高校2年まで個人メドレーをメインにしていた佐藤は、自由形を専門にするやいなや頭角を顕してきた。大学1年になった05年日本選手権100mで2位になって、世界水泳の初代表に。本番の100mこそ予選26位に終わったが、第4泳者として泳いだ4×100mリレーのラップは48秒53。スタート時のリアクションタイムを考えれば、49秒2は確実に出せる泳力を見せた。そして9月のインカレ水泳では400mリレー予選と、100m決勝で49秒73、49秒71と日本記録を連発して日本選手初の50秒突破を実現。世界水泳の泳ぎがフロックではなかったことを証明した。

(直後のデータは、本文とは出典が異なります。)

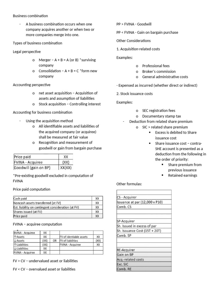 Business Combination Summary Notes - Business Combination - a ...

06年は体調不良で日本選手権6位で国際大会の代表はなれず。その悔しさをバネにした07年は、4月の日本選手権で49秒32の日本新をマーク。7月に肩を痛めたのをキッカケに、ストレートアームに泳法を改造すると、8月の世界競泳で49秒22を。9月のインカレ水泳ではそれを48秒91まで引き上げたのだ。
この記録は07年世界ランキング15位だが、100m自由形への夢だけでなく、メドレーリレーでの銀以上への期待も広がるものだ。
そんな彼に今要求されるのは、狙った大会で結果を出すことだ。派遣標準48秒88を突破しての優勝が、世界へ向けての第一歩になる。